Wales face Argentina on Saturday, 10 November, the week before Samoa’s visit to the Millennium Stadium, and then come up against the All Blacks and Wallabies on successive Saturday’s in Cardiff and Warburton admits, as well as preparing well for Samoa and the Pumas, his side also has some unfinished business when it comes to Australia.

“We definitely want to get our own back when we reflect on the summer,” said Warburton, who lead Wales down under to a 3-0 Test defeat, despite losing out to last minute Wallaby scores on two occasions.

“A 3-0 loss in the Series was not a nice score from our point of view, so we’d definitely love to get that win.

“Everyone is dying for us to get that Southern Hemisphere scalp, it’s probably just as annoying for the fans as it is for us.

“We’d love to get that win more than anything against any of the four sides this Autumn, but in particular Australia because we’ve played them a few times recently and come close, but not close enough.”

But the Wales captain, who many are tipping to take on similar duties on the British & Irish Lions tour of Australia next summer, knows it all starts against Argentina where victory will be vital to get the international season off on the right footing.

“We have a series of tough matches to look forward, not least the first game of the series against Argentina who have been impressing everyone in the Rugby Championship,” said Warburton.

“The Pumas are getting closer to the top three teams, just as we like to think we are and they will be looking to send a message around the rugby watching world by beating us in November.

“They are very much the same as Samoa in a lot of ways, they are a very physical team as well.

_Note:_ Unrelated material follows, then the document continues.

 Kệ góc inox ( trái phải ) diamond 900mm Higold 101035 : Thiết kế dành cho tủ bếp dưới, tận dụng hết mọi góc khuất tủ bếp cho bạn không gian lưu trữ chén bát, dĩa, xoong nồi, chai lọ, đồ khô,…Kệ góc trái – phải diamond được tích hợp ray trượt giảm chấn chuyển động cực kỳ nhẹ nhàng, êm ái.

“Australia probably play quicker rugby and are a bit more expansive but the Pumas will be just as tough.

“All three of those games I think will be great spectacles and great rugby matches. The standard that Argentina are playing at now because of their involvement in the Rugby Championship now will make them even more competitive.

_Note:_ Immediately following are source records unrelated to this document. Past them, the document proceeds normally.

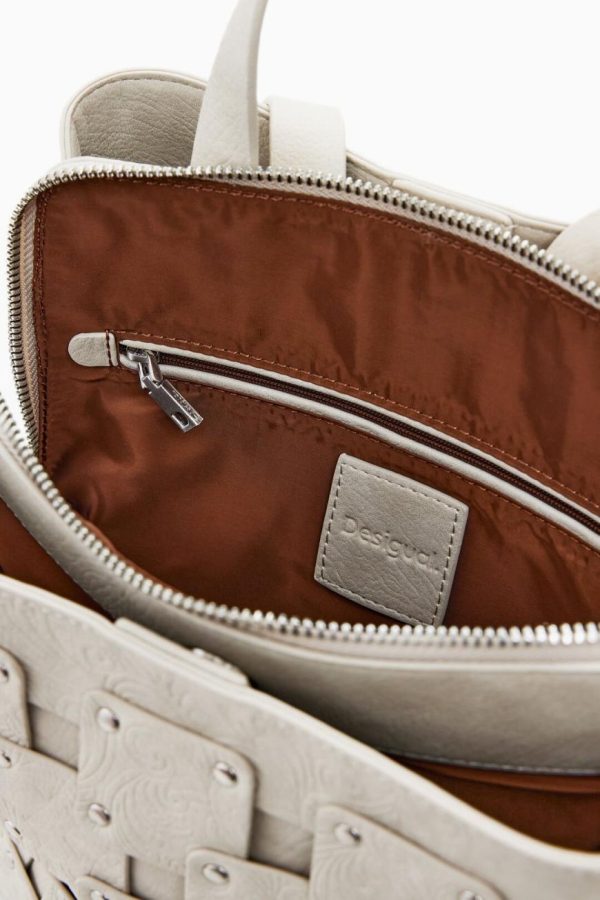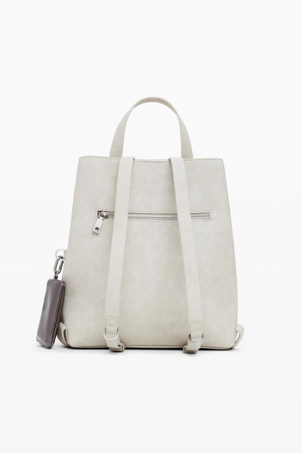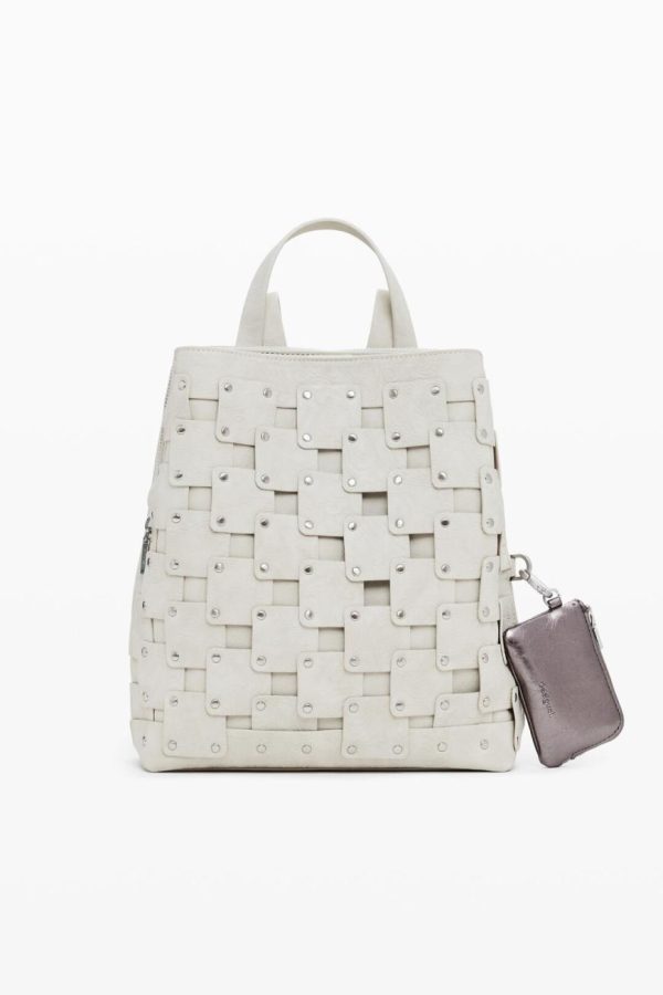 Medium faux leather backpack with engravings made up of multiple square patches, featuring metallic stud finish and detachable metallic faux leather coin purse keychain.
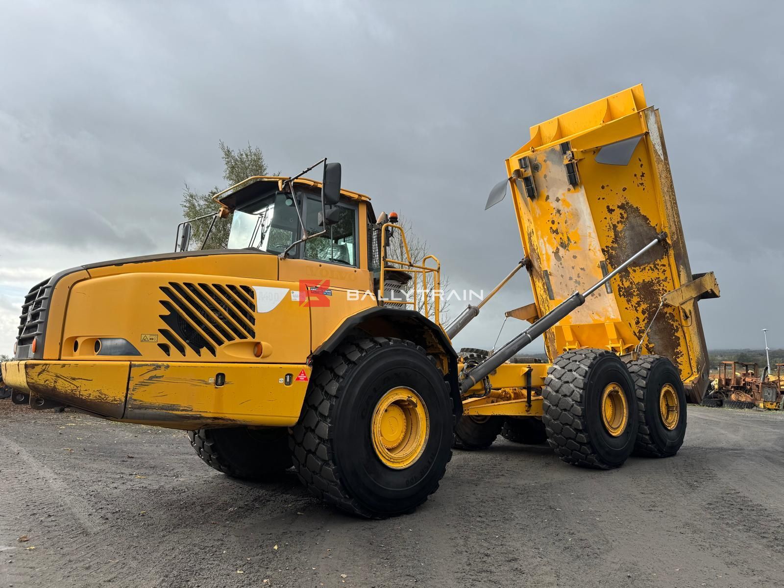 Volvo A40D Dump Truck for sale, Used Dumper, 6X6 Volvo Wheel Dumper, Year 2006, A40D Model with 31,723 hours on clock. Dumptruck with 29.5R25 tyres, the front tyres are 70-80% good & rear are 70-80% good, Volvo Engine – D12, had a rebuilt engine and new transmission @ 18,000 hours in 2017. Complete with Tail Board, Reverse Camera, Reverse Beeping, Auto Greaser, Beacon, Air Seat, Air conditioning and Radio. This Volvo A40D is a very original machine with good work body, Mechanically all seems fine. Comes as per images, nothing more and nothing less. Original paint and in good condition. 6X6 Articulated Volvo Dumptruck, Volvo A40D Dump Truck. Volvo A40D Articulated Haulier. This Volvo Dump Truck can go straight to work, You will not find a cleaner A40D dumper on the market. Cheap Volvo dumper for sale. Weight 31,270KG, Volvo A40D.
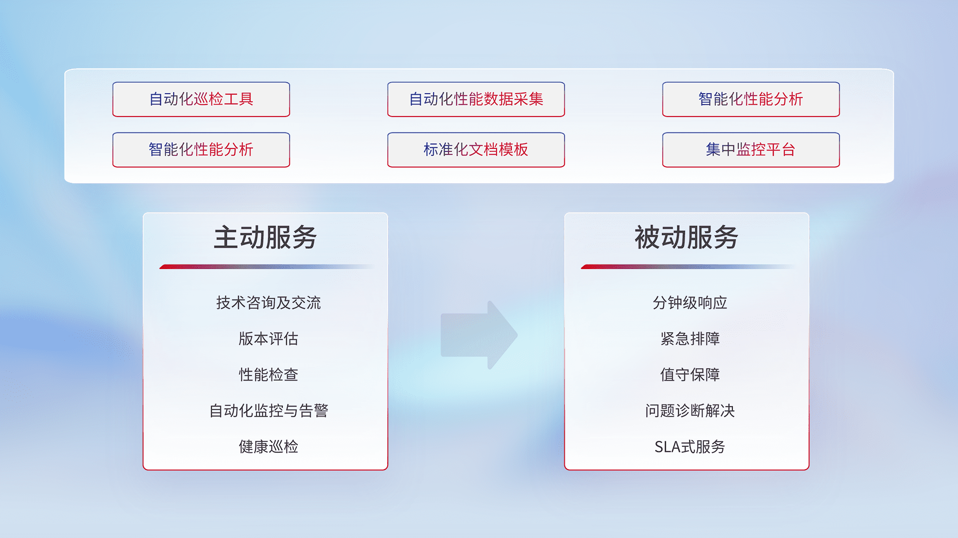 智能化工具和标准化文档,,保障服务质量,,,,提供主动服务(包含技术咨询、、、版本评估、、、性能检查、、自动化监控与告警、、、健康巡检)和被动服务包含(分钟级响应、、紧急排障、、、、值守保障、、、问题诊断解决、、、、SLA服务)。。
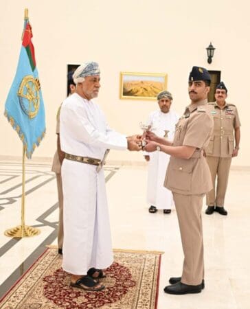 كما سلَّم سموّه الملازم طيار سالم بن إبراهيم الحمراشدي كأس جلالة السُّلطان للطيران لتحقيقه المركز الأول على المستوى العام لدورة الطيران.
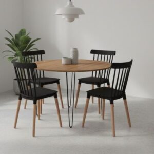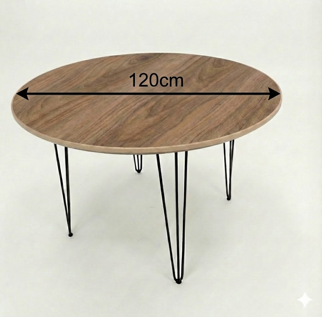 Gracias a sus opciones de diámetro de 90cm a 120cm, esta mesa es altamente versátil: puede funcionar como mesa principal en comedores pequeños, mesa auxiliar en un living o incluso como pieza decorativa en una oficina o rincón especial. Las tres patas hairpin negras de 75cm de alto aportan un contraste industrial que realza aún más la estética nórdica del conjunto.
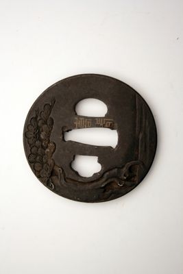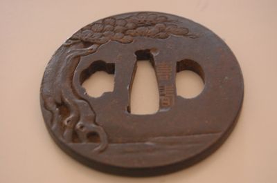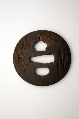 Elsa di spada giapponese di forma tonda, con i tre fori canonici, quello centrale (nakagoana) per il codolo, il foro di sinistra (kozuka hitsuana) per il coltellino, e quello di destra (kogai hitsuana) per lo spillone. Vi era rappresentato un cavallo sotto un albero di pino. La decorazione a intarsio di placca metallica è andata persa e ha lasciato la sola sagoma del cavallo.
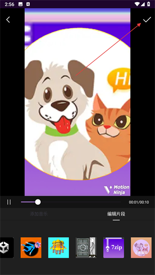 4、对视频进行添加音乐、编辑片段等操作,完成后点击右上角对勾图标。

“I watched them against Australia and it was a game Argentina lost rather than the Wallabies won. They scored two tries and played very well, it was in Australia as well, and we know how tough it is to go out to Australia and play, so I was very impressed with that match.

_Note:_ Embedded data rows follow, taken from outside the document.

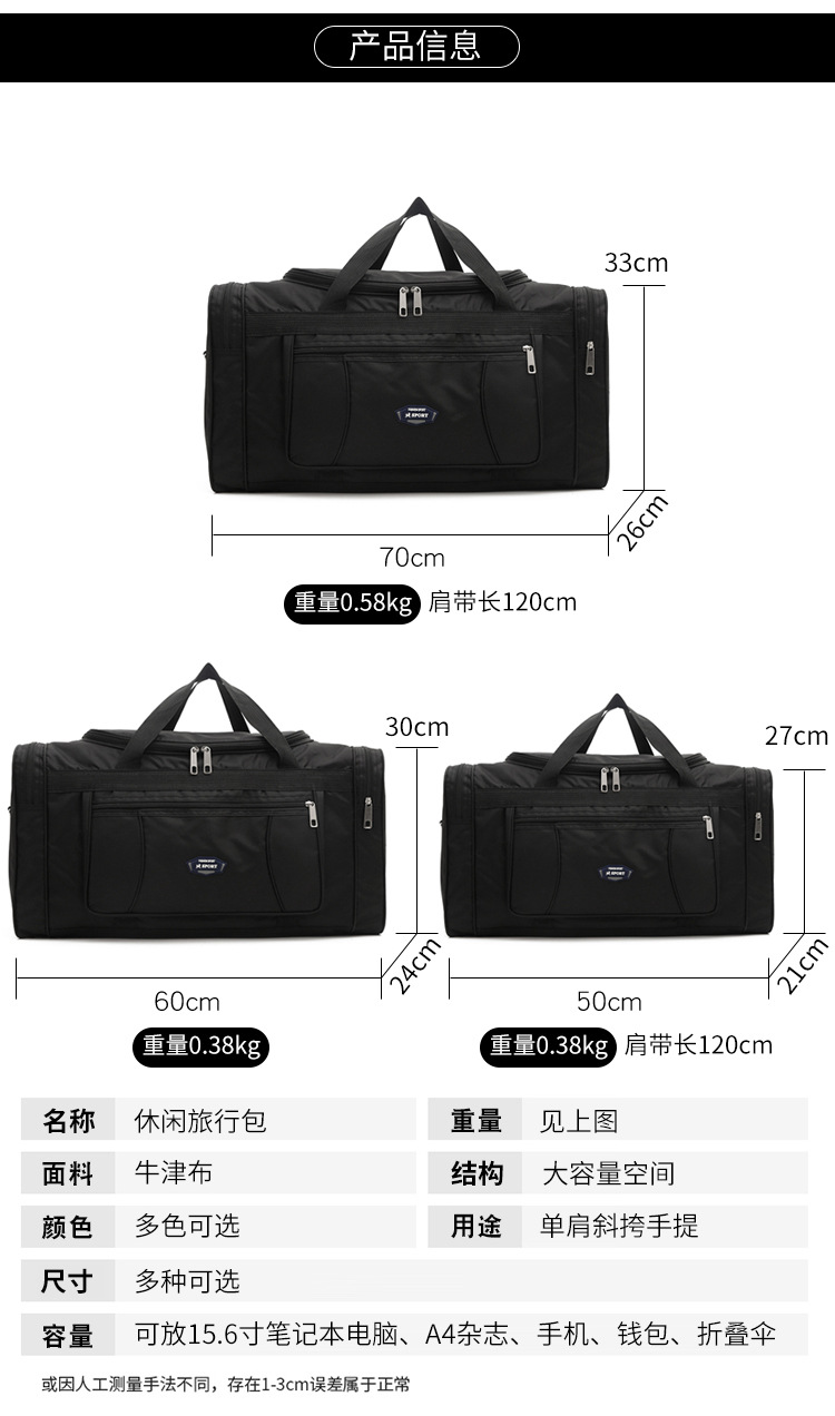 厂价批发大中小号旅行包,多色可选,温馨提示;拍图尺寸测量与实际尺寸有1-3厘米误差,图片打灯拍摄与实物有轻微色差,支持定制,大号长70宽26高33,中号长60宽24高30,小号长50宽21高27CM。
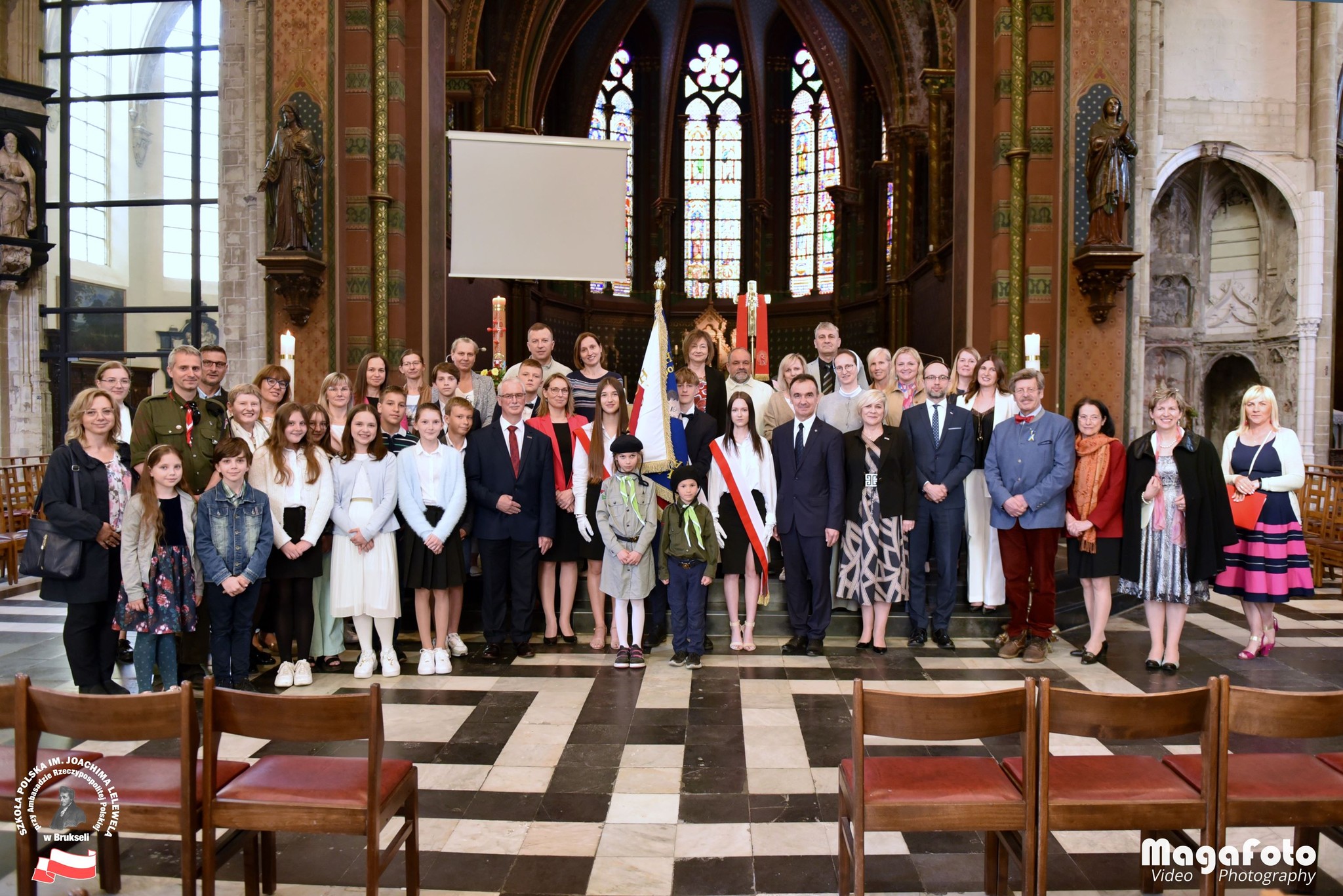 Jubileuszowe uroczystości rozpoczęły się 26 maja w kościele Notre Dame de la Chapelle w Brukseli, której przewodniczył i Słowo Boże wygłosił Ojciec Andrzej Lachowski OMI. W oprawie mszy św. wzięli również uczniowie naszej Szkoły. Obecny był też Poczet Sztandarowy.
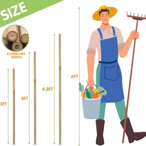- 【Premium Quality】:Bamboo stakes is exceptionally strong and durable,High-quality bamboo sticks are carefully selected and hand-made with a smooth surface with no visible cracks or blemishes. This helps to reduce damage to plants and makes them easy to insert into the soil.The bamboo garden stakes are fumigated twice to ensure that they can withstand the weight and wind and rain during the planting process. plant stakes are not easy to break or rot, have good quality, and have a long lifespan.

“They have a couple of real world class players they gave us a tough test when they came to the Millennium Stadium in the world cup warm up game last summer and I’m sure it will be equally as tough again because of the standard of rugby they’ve been exposed to the last few months.”

And fellow international and Blues team-mate Jamie Roberts agrees that Wales will be very much up for the challenge this November.

“What the players love about the autumn is it’s four games on the bounce all at the Millennium Stadium,” added Roberts.

“In the Six Nations it’s two or three games at home spread out, but in the autumn its great for the players.

“We stay in our camp all month and get to play in front of four great crowds at the Millennium Stadium.

“We have by far the best stadium I’ve ever played in and players from other nations will say the same.

“When it’s full it’s a cauldron atmosphere in there and we can barely hear each other speak sometimes on the pitch when they fans are cheering.

“It’s just an unbelievable occasion and a great spectacle with the flames and the fireworks beforehand, as a player it’s an awesome experience and I’m sure it will be no different this autumn.”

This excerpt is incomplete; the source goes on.